Note that there have been some recent prop224 torspec changes (like the keylen size) that impact the ESTABLISH_INTRO cell slightly.

Here are some future steps on this area:

Address the XXXs I added to the code.
Write unit tests.
Move prop224 functions like rend_mid_establish_intro_p224() to their own file. Maybe call new file hs_intro_point.c or something. Also maybe rename that function to rend_mid_handle_establish_intro_prop224()?
Write function-level documentation.
Run make check-spaces and fix the various whitespace/style issues.

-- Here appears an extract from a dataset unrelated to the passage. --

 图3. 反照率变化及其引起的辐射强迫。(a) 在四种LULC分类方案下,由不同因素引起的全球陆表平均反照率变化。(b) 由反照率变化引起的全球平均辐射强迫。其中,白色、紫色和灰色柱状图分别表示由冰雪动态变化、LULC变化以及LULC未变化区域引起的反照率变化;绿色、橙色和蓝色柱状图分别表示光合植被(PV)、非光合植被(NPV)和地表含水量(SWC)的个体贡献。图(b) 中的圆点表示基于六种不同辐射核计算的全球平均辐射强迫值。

Let me know if you plan to work on these, and if you have an ETA on delivery, so that we can count you in our implementation roadmap :)

Cheers!

Trac:
Status: needs_review to needs_revision

Hey asn,

I am indeed planning to work more on this and finish up whatever I need to get this in.

Shooting to address these fixes by Monday, as well as start some unit testing, does that fit with the roadmap schedule?

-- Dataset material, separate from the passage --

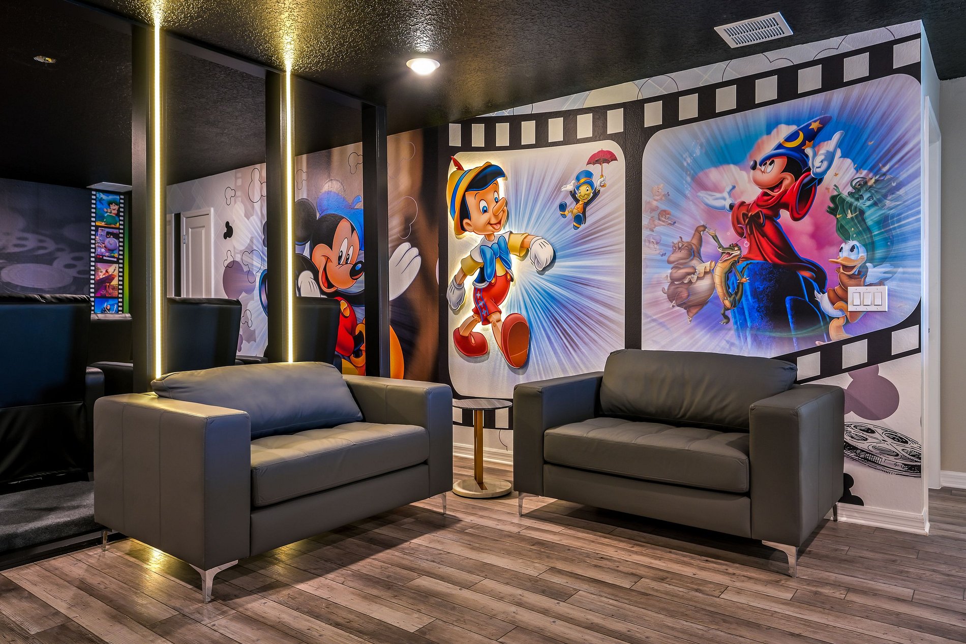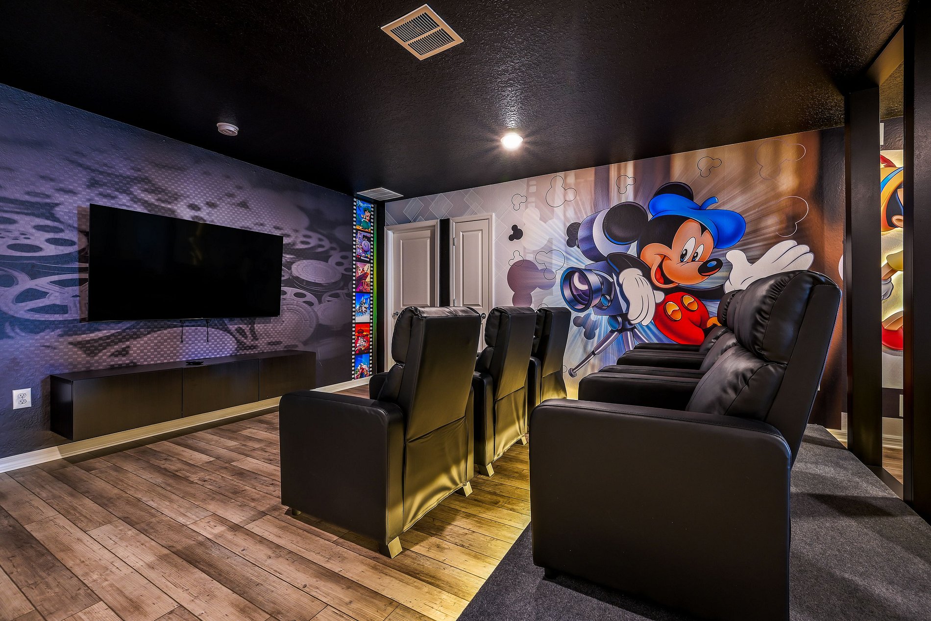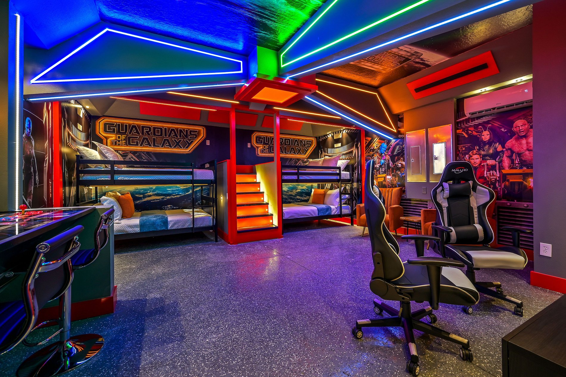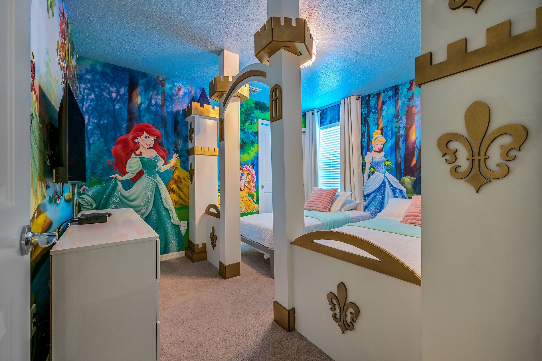 The house is located in the Windsor Island Resort, 19 minutes from Disney World. This unit is just steps away from the clubhouse. Enjoy the water park, basketball, sand volleyball, golf... Decoration and design of the highest quality. Wi-Fi Internet, cable TV, full kitchen and comfortably accommodates 28 guests. Room decorated with a princess theme, with a realistic castle and a Buzz Lightyear theme. And amazing game room, guardians of the galaxy and also a cinema room with disney characters.

Looking forward to getting this merged!

-Alec

Trac:
Username: alec.heif

Replying to alec.heif:

Hey asn,

I am indeed planning to work more on this and finish up whatever I need to get this in.

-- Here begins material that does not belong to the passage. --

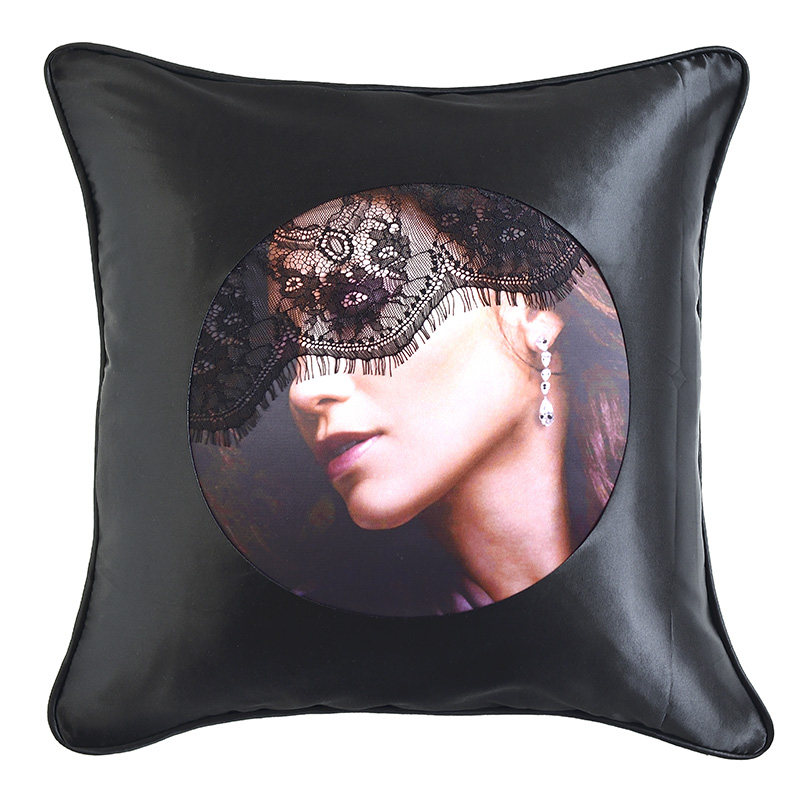 European Luxury Black Lace Print Pillowcase Cushion Cover Model Room Hotel Sofa Pillow Square Pillowcase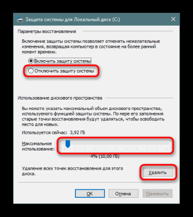 В «Виндовс» можно сохранять точки восстановления, до которых впоследствии можно делать откат, если вдруг в системе возникли какие-то сбои. Эти точки, естественно, занимают место на жёстком диске. Удалите эти точки, если ваша система работает стабильно, предварительно создав одну новую.

Shooting to address these fixes by Monday, as well as start some unit testing, does that fit with the roadmap schedule?

It does! I'll be alert on Monday/Tuesday to check your changes!

Looking forward to getting this merged!

Sounds good :) However we are still far away from merge time, since there are many many more components that need to be completed for prop224 to exist!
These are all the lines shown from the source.